Roelfsema Ferdinand, Yang Rebecca J, Liu Peter Y, Takahashi Paul Y, Veldhuis Johannes D
Department of Internal Medicine, Section Endocrinology and Metabolism, Leiden University Medical Center, Leiden, Netherlands.
Endocrine Research Unit, Mayo School of Graduate Medical Education, Center for Translational Science Activities, Mayo Clinic, Rochester, Minnesota.
J Endocr Soc. 2018 Nov 23;3(1):235-249. doi: 10.1210/js.2018-00317. eCollection 2019 Jan 1.
Quantitative studies of the short-term feedback of testosterone (T) on luteinizing hormone (LH) secretion in healthy men are relatively rare. Such studies require the shutting down of endogenous T secretion and the imposition of experimentally controlled IV T addback.
To evaluate whether pulsatile and continuous T delivery confers equivalent negative feedback on LH secretion.
This was a placebo-controlled, blinded, and prospectively randomized crossover study comprising 16 healthy men [age range 23 to 54 years and a body mass index (BMI) between 22.3 and 34.2 kg/m]. Subjects received ketoconazole to block endogenous T secretion and received continuous or 90-minute pulses of IV T addback.
The study was performed in a Clinical Translational Research Unit.
Subjects underwent 14 hours of blood sampling at 10-minute intervals, with a bolus IV injection of 33 ng/kg gonadotropin-releasing hormone (GnRH).
Log-transformed LH and T concentration ratios before and after GnRH administration.

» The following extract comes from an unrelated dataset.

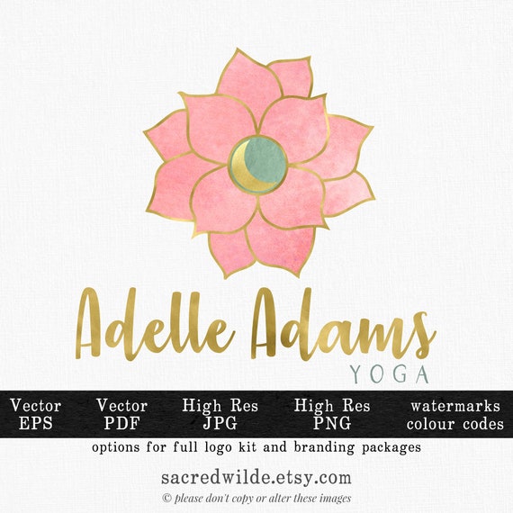 Yoga Logo Lotus Flower Logo Custom Business Logo Instant Etsy

Despite higher T concentrations during pulsatile T feedback, LH concentrations and secretion rates, whether driven by endogenous or exogenous GnRH, were similar to those during continuous T infusion, indicating diminished pulsatile T feedback. Feedback correlated negatively with BMI. Under controlled T feedback, basal but not pulsatile LH secretion correlated negatively with CT-estimated visceral fat mass.

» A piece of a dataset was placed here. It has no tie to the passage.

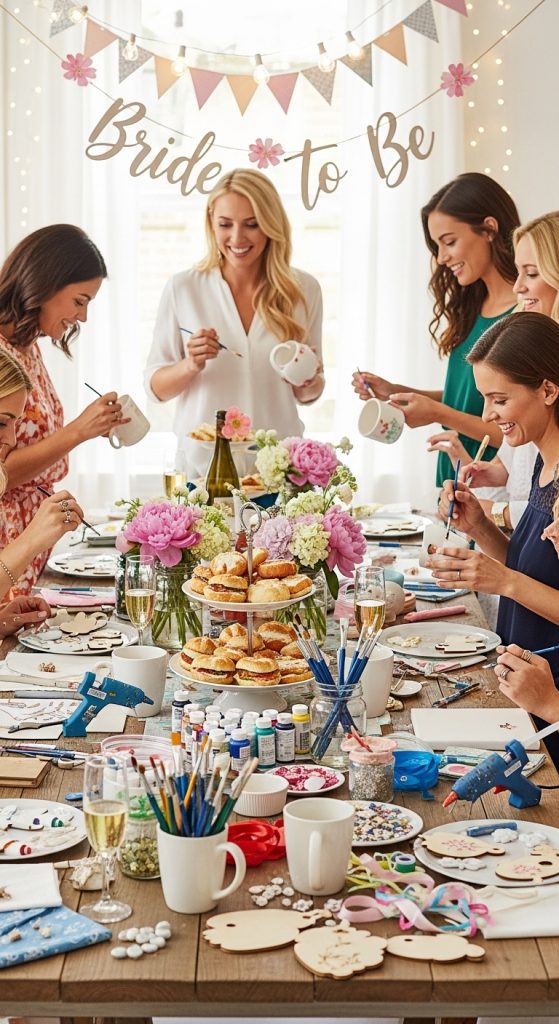 A DIY-themed bridal shower is not only budget-friendly but also interactive. Set up stations where guests can create something—like painting mugs, decorating tote bags, or making jewelry.

Feedback by pulsatile T delivery has diminished inhibitory strength compared with continuous infusion. Feedback is negatively correlated with BMI.

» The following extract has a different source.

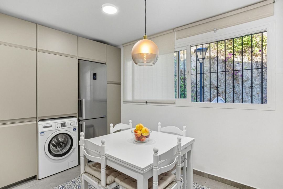 Dit mooie drie-slaapkamer, op het zuiden gerichte herenhuis is gelegen in de gewilde gated community van El Capricho op Marbella.Het biedt ruime tropische tuinen en twee gemeenschappelijke zwembaden. Ideaal gelegen op loopafstand van het strand, bars en restaurants, en op slechts een korte rit van Marbella Center en Puerto Banús, het pand combineert gemak met charme. De begane grond beschikt over een lichte woon- en eethoek met een open haard en toegang tot een royaal terras perfect voor buiten eten, een onlangs gerenoveerde aparte keuken en een gastentoilet. De trap leidt naar een grote kelder die momenteel wordt gebruikt als slaapkamer en kunststudio met een eigen badkamer. Boven wordt de master suite begeleid door twee gastenkamers en een familiebadkamer. Extra hoogtepunten zijn onder andere inbouwkasten, marmeren vloeren, en een eigen parkeerplaats voor een auto.

关于健康男性中睾酮(T)对促黄体生成素(LH)分泌的短期反馈的定量研究相对较少。此类研究需要抑制内源性T分泌并进行实验控制的静脉内T补充。
评估脉冲式和持续性T给药对LH分泌是否具有同等的负反馈作用。
这是一项安慰剂对照、双盲且前瞻性随机交叉研究,纳入了16名健康男性[年龄范围为23至54岁,体重指数(BMI)在22.3至34.2kg/m之间]。受试者接受酮康唑以阻断内源性T分泌,并接受持续性或90分钟脉冲式静脉内T补充。
该研究在临床转化研究单元进行。
受试者每隔10分钟进行14小时的血液采样,并静脉推注33ng/kg促性腺激素释放激素(GnRH)。
GnRH给药前后经对数转换的LH和T浓度比值。
尽管在脉冲式T反馈期间T浓度较高,但无论是由内源性还是外源性GnRH驱动的LH浓度和分泌率,都与持续性T输注期间相似,表明脉冲式T反馈减弱。反馈与BMI呈负相关。在受控的T反馈下,基础LH分泌而非脉冲式LH分泌与CT估计的内脏脂肪量呈负相关。
与持续性输注相比,脉冲式T给药的反馈抑制强度减弱。反馈与BMI呈负相关。